Extracted records ▸
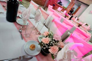 - MESA CON MANTEL BLANCO Y CAMINO DE COLOR
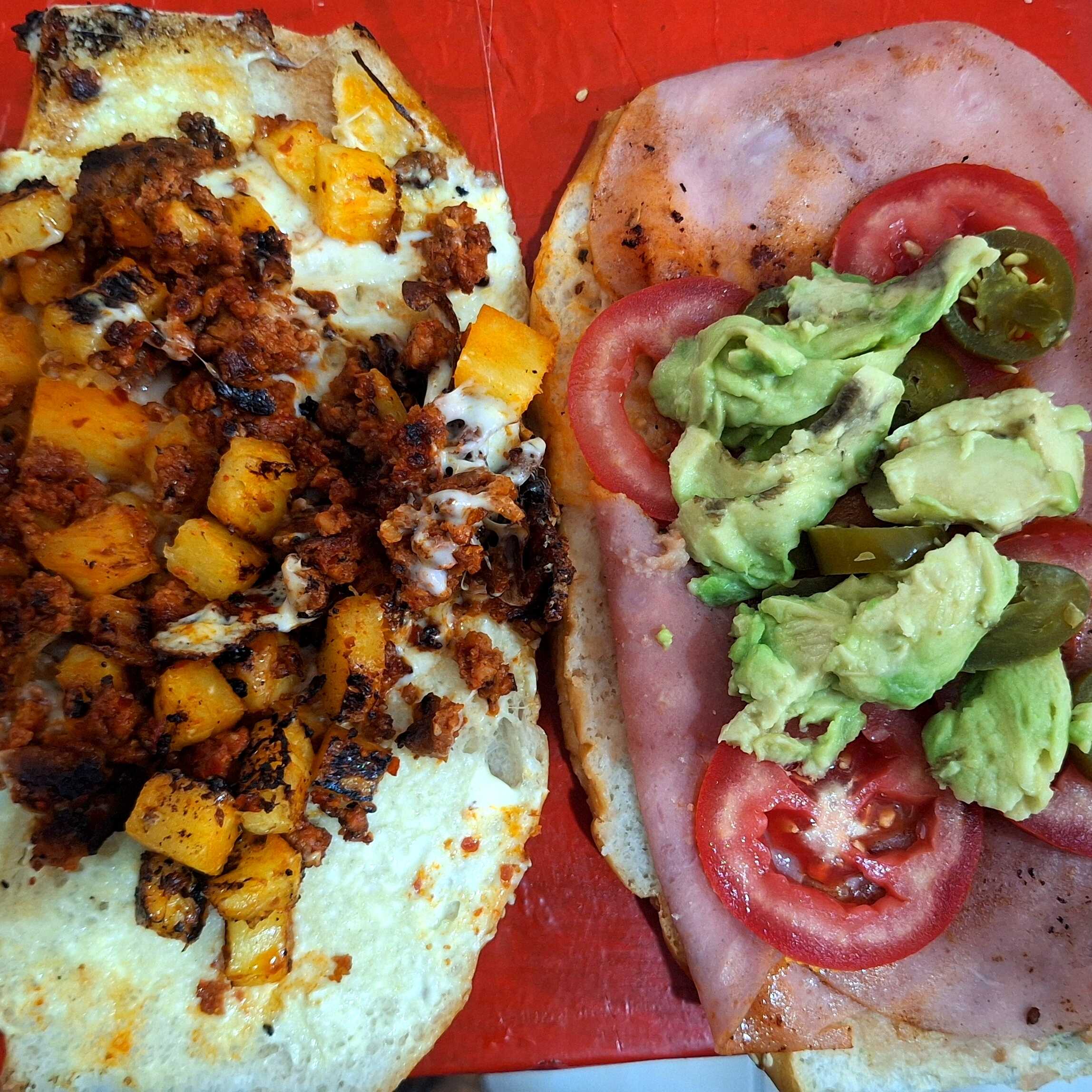 telera chica con mayonesa, frijoles, jamón, longaniza y queso oaxaca acompañada de jitomate, cebolla, chiles en vinagre y aguacate.
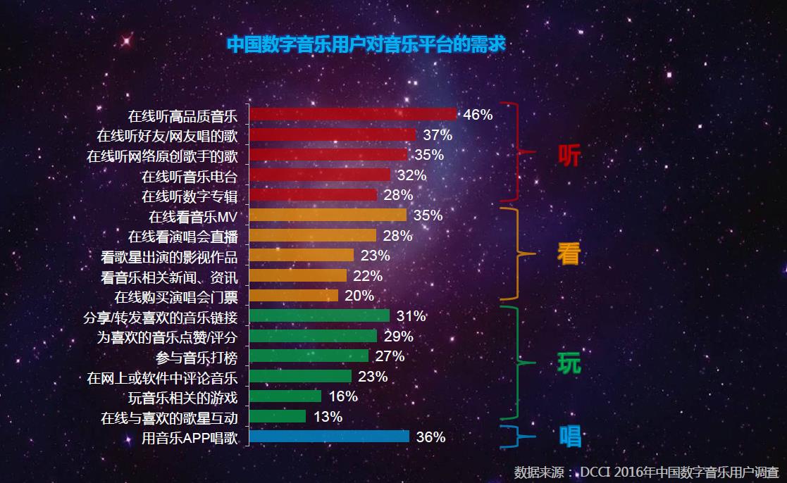 付费需要更强的内容驱动力。对于目前数字音乐市场的布局,DCCI报告提出了音乐IP向明星IP转变的观点。报告特别指出:QQ音乐推出“MUSIC+”巨星定制计划,该计划包括版权-产品-互动-内容-活动-商业等全景生态,将用开放化的音乐大社区连接内容、用户、终端等各音乐产业环节,提供更多智能化及个性化服务,唤醒全产业的数字化变革。类似的还有意在打通音乐产业上下游的阿里星球(原天天动听),此举也能有效将音乐核心资源掌握在自己手中。 玩法:构建听、看、玩、唱的综合生态体系 由音频播放上升到社会化互动,是当前中国数字音乐用户必须进行的玩法升级。具体来说,用户需要的不仅仅是单纯的音乐收听,而是以音乐作为互联网生活的入口,听、看、玩、唱已经成为他们对于数字音乐平台的四大需求。
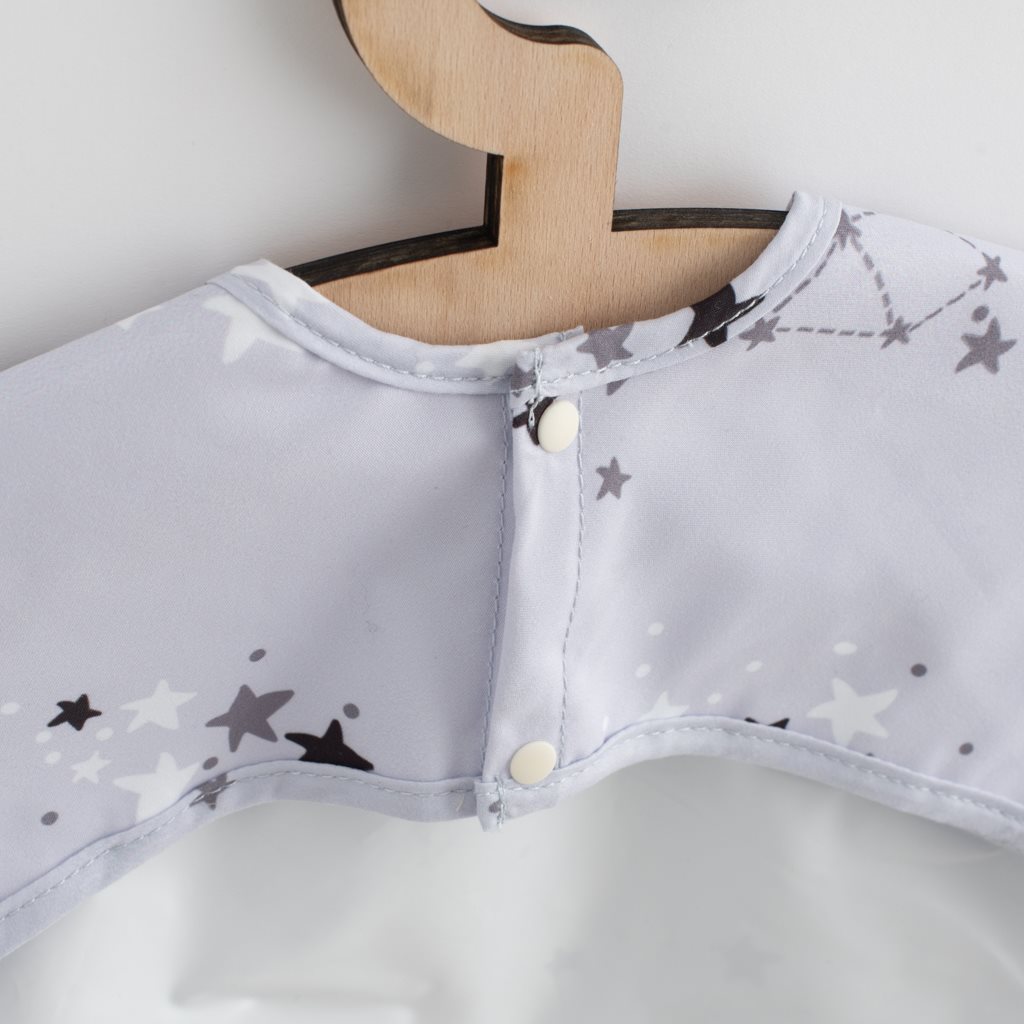 Bavaglino per bambini con maniche lunghe New Baby protegge efficacemente i vestiti del tuo bambino da macchie durante i pasti e il gioco. Realizzato in materiale leggero e morbido. Il bavaglino ha una comoda chiusura a 2 bottoni e una pratica tasca. Il bavaglino è cucito con due strati di materiale. Lo strato inferiore è realizzato in materiale impermeabile. In caso di sporco, il bavaglino può essere pulito con un panno umido o lavato in lavatrice.
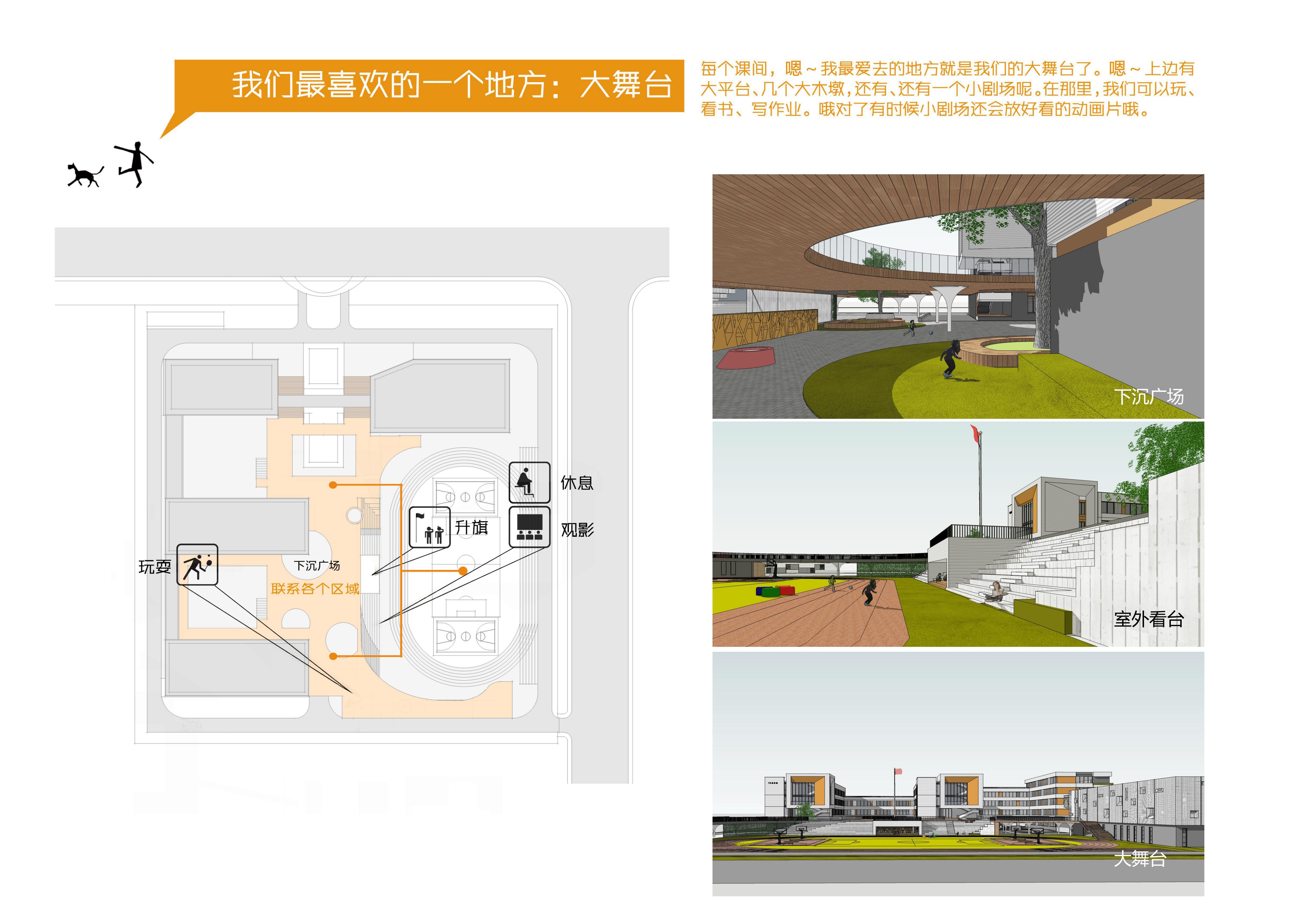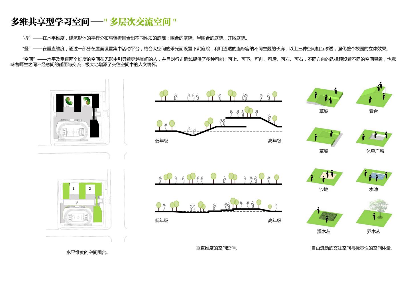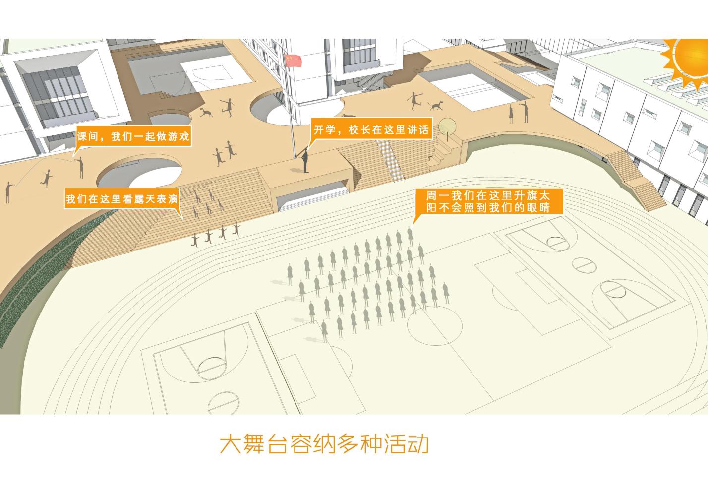 “雙首層”概念是將學(xué)校地上中心部分,局部進行一層架空懷抱住操場,架空平臺按照一半面積計算為1100平方,平臺上設(shè)置多個采光井,與景觀設(shè)計融為一體,形成學(xué)生的二層活動空間,與教師增加更多學(xué)習(xí)交流的互動空間,平臺下設(shè)置了功能房間,一個400平圖書閱覽室,2個音樂教室,1個舞蹈教室,一個體育器材室以及公廁。也形成了學(xué)生的一層活動空間,這樣解決了學(xué)生多活動場地少的難題,也解決了舞蹈音樂教室對普通教室教學(xué)引起的噪音污染問題。
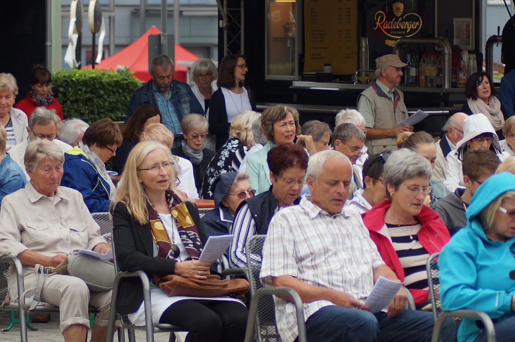 Der Rolandgottesdienst war wie immer ein wirklich schöner ökumenischer Höhepunkt (neben dem WGT, der Bibelwoche und der Friedensdekade) in unserer Stadt. Das Wetter hat uns keinen Strich durch die Rechnung gemacht, obwohl das dem Fisch Jona, der die Bühne am Theater zierte, wohl gut getan hätte. Dieser besondere Riese hat der Predigt den Rahmen zu verschiedenen Bildern, beziehungsweise Lesungsabschnitten gegeben. Als Predigttext wurde von Thomas Kohl die wunderbare Ballade von Klaus-Peter Hertzsch gelesen und das war in seiner basstiefen Stimme ein Hörgenuss. Das Pfarrehepaar von Biela verstand es, entsprechend des Balladentextes, mit seinem klaren Blick auf den Bezug in das jetzt und heute, alle Gottesdienstbesucher zu fesseln.

Problem details ▸ Each line of the material goes into your copy unchanged, but no picture does.

Task result ▸
 - MESA CON MANTEL BLANCO Y CAMINO DE COLOR
 telera chica con mayonesa, frijoles, jamón, longaniza y queso oaxaca acompañada de jitomate, cebolla, chiles en vinagre y aguacate.
 付费需要更强的内容驱动力。对于目前数字音乐市场的布局,DCCI报告提出了音乐IP向明星IP转变的观点。报告特别指出:QQ音乐推出“MUSIC+”巨星定制计划,该计划包括版权-产品-互动-内容-活动-商业等全景生态,将用开放化的音乐大社区连接内容、用户、终端等各音乐产业环节,提供更多智能化及个性化服务,唤醒全产业的数字化变革。类似的还有意在打通音乐产业上下游的阿里星球(原天天动听),此举也能有效将音乐核心资源掌握在自己手中。 玩法:构建听、看、玩、唱的综合生态体系 由音频播放上升到社会化互动,是当前中国数字音乐用户必须进行的玩法升级。具体来说,用户需要的不仅仅是单纯的音乐收听,而是以音乐作为互联网生活的入口,听、看、玩、唱已经成为他们对于数字音乐平台的四大需求。
 Bavaglino per bambini con maniche lunghe New Baby protegge efficacemente i vestiti del tuo bambino da macchie durante i pasti e il gioco. Realizzato in materiale leggero e morbido. Il bavaglino ha una comoda chiusura a 2 bottoni e una pratica tasca. Il bavaglino è cucito con due strati di materiale. Lo strato inferiore è realizzato in materiale impermeabile. In caso di sporco, il bavaglino può essere pulito con un panno umido o lavato in lavatrice.
 “雙首層”概念是將學(xué)校地上中心部分,局部進行一層架空懷抱住操場,架空平臺按照一半面積計算為1100平方,平臺上設(shè)置多個采光井,與景觀設(shè)計融為一體,形成學(xué)生的二層活動空間,與教師增加更多學(xué)習(xí)交流的互動空間,平臺下設(shè)置了功能房間,一個400平圖書閱覽室,2個音樂教室,1個舞蹈教室,一個體育器材室以及公廁。也形成了學(xué)生的一層活動空間,這樣解決了學(xué)生多活動場地少的難題,也解決了舞蹈音樂教室對普通教室教學(xué)引起的噪音污染問題。
 Der Rolandgottesdienst war wie immer ein wirklich schöner ökumenischer Höhepunkt (neben dem WGT, der Bibelwoche und der Friedensdekade) in unserer Stadt. Das Wetter hat uns keinen Strich durch die Rechnung gemacht, obwohl das dem Fisch Jona, der die Bühne am Theater zierte, wohl gut getan hätte. Dieser besondere Riese hat der Predigt den Rahmen zu verschiedenen Bildern, beziehungsweise Lesungsabschnitten gegeben. Als Predigttext wurde von Thomas Kohl die wunderbare Ballade von Klaus-Peter Hertzsch gelesen und das war in seiner basstiefen Stimme ein Hörgenuss. Das Pfarrehepaar von Biela verstand es, entsprechend des Balladentextes, mit seinem klaren Blick auf den Bezug in das jetzt und heute, alle Gottesdienstbesucher zu fesseln.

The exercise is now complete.